As we sat together in the back yard one day, I noticed a patch of grey, wrinkled skin where luscious white plumage should have been. Every day more featherless patches appeared.
The day we went to the vet, I wrapped my beautiful bird in a towel and held him close to my chest. He pressed up against me and closed his eyes. I promised him we’d get to the bottom of it.
But the vet’s words crashed down on me like a tidal wave. “Beak and feather disease,” he said. “A virus that parrots catch from each other that slowly kills them.”
My beautiful Doug rapidly deteriorated over the next few months. The disease claimed most of his majestic feathers and his beak grew into a long, disfigured overbite. His handsome appearance withered away, leaving behind a repulsive monster.
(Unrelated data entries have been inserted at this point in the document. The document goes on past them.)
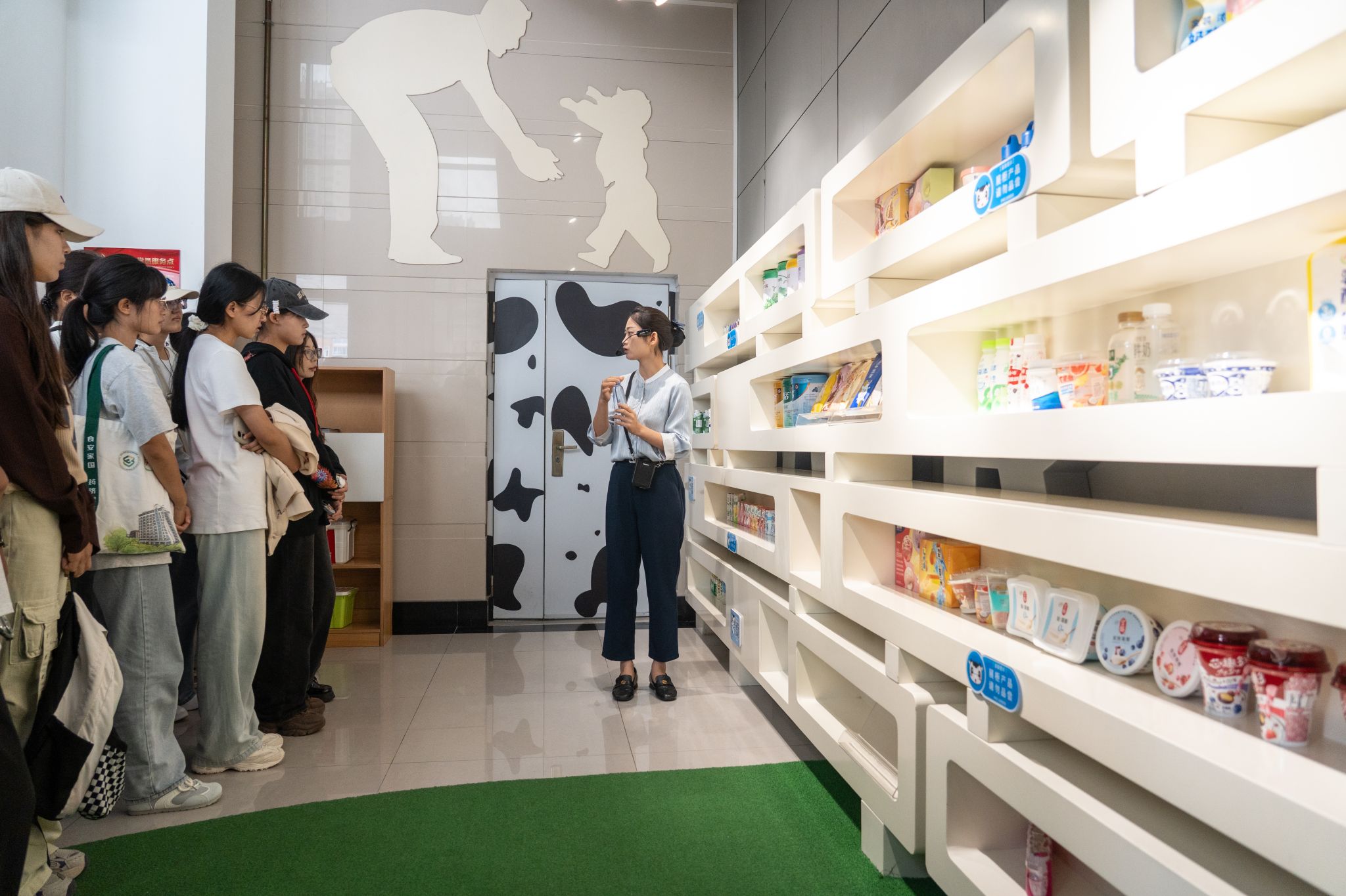 活动开始,在人力资源招聘负责人疏洋的引导下,师生们共同观看了伊利集团的宣传片。宣传片全面展示了伊利集团的发展历程以及乳制品研发成绩,让新生们对伊利集团有了初步且深刻的认识。随后,讲解员邓富珍展示了伊利集团旗下的全系列明星产品,并在生产车间参观走廊,详细地介绍了从原奶的接收与检验,到无菌灌装,再到包装运输等生产流程,拓宽了同学们对现代企业的认知。
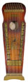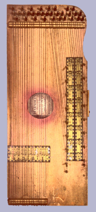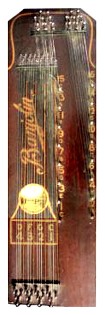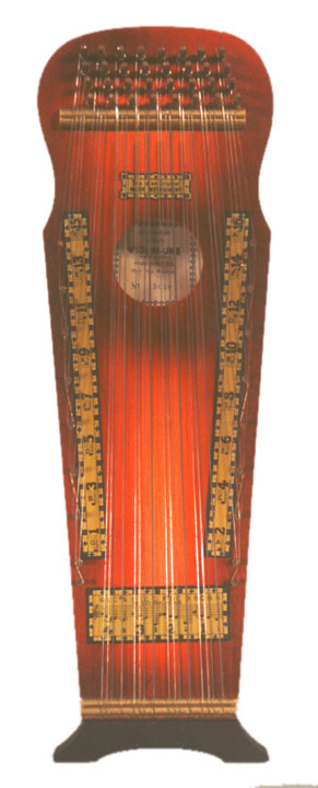 pianolinThe pianolin offers increased versatility with its fully chromatic melody strings and 5 chords. However, as is the case with nearly all the instruments of this family, along with increased versatility comes increased difficulty to play. This instrument's label also often bore the "pianoette" identity, and it sometimes even featured the distinctive pianoette decal. This illustrates the arbitrary manner in which names were often assigned to these instruments by their manufacturers...here we have a case in which the same name was used for one bowed instrument and two different plucked instruments...and maybe for others. For the sake of simplicity, I refer here to the bowed instrument as "pianolin" and the plucked varieties as "pianoette". For more thorough and detailed information on both, consult Kelly Williams's pianolin and pianoette pages, at his site, The Guitar-Zither Clearinghouse. As with violin-ukes above, I have cited Kelly's form reference numbers for the pianolins shown here. pianolins, left to right: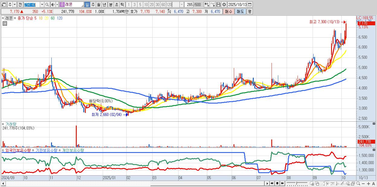 - 레몬 (7,170원 ▲ 5.13% , 시총: 1,607억, 거래량: 241,778, 거래대금:17억, KOSDAQ)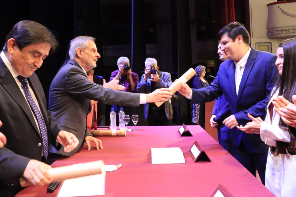 En este marco, el decano destacó la importancia del egreso como parte del compromiso de la universidad pública: “Un nuevo triunfo de la universidad pública, en este caso con los graduados de Medicina y de Kinesiología. En la fecha entregamos más de setenta títulos de médicos, kinesiólogos y fonoaudiólogos que se gradúan en nuestra facultad”, expresó Mateo Martínez.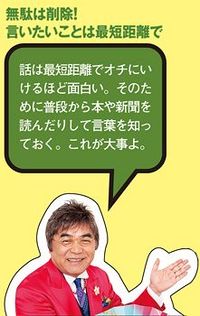 たとえば「するんですね」の語尾についている「ね」は、必要なのか。余分だと思ったらカットする。こうやってそぎ落としていって、主語と述語だけが残ればいいぐらいのイメージを持つ。最後には主語も述語も省いて、黙っているだけで笑いが起きるのが私の理想です。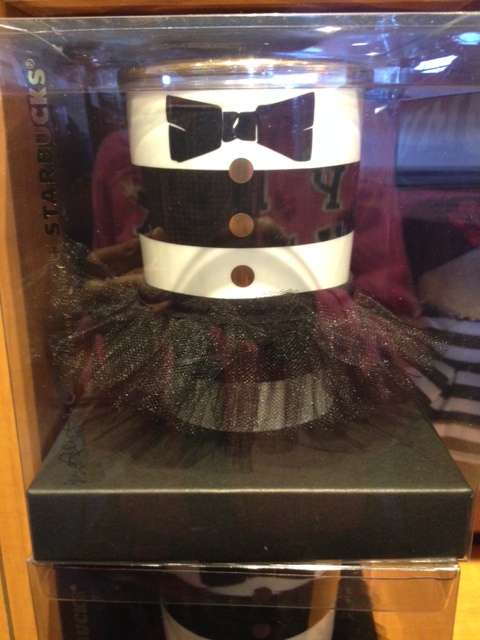 Today’s coffee mug is from Starbucks. It is apart of the Starbucks and alice + olivia Limited Edition Gifts for the Holidays. This tumbler designed by Stacey Bendet even comes with a removable tutu. This ceramic mug holds 12 fluid ounces and retails for $19.95.

I loved him more than ever.

When my friends came over after school, I would take them to see my beloved bird. But when I revealed my prized Doug, they recoiled in disgust.
Despite his grotesque appearance, Doug embraced life. While he couldn’t fly, he could climb. I often had to help him down from precarious locations he’d somehow managed to scale, like the very top of the 20m silky oak tree in the back yard.
But as time went on, poor Doug grew sicker and frailer. Winter came and his featherless body quivered in the cold. One crisp, July morning, I ran to let Doug out of his cage, only to find his lifeless corpse slumped at the bottom.
My brother dug a hole in the garden. Broken, I said goodbye to Doug as we said a prayer and buried him. It was my first experience of love and loss.
Years later, I still think about Doug all the time.
We often go through life trying to cover up our flaws, believing we’re too ugly to be loved. But Doug taught me that our flaws can be the very things that define us. He wasn’t Doug the cockatoo, he was Doug the featherless cockatoo. And I loved him just like that.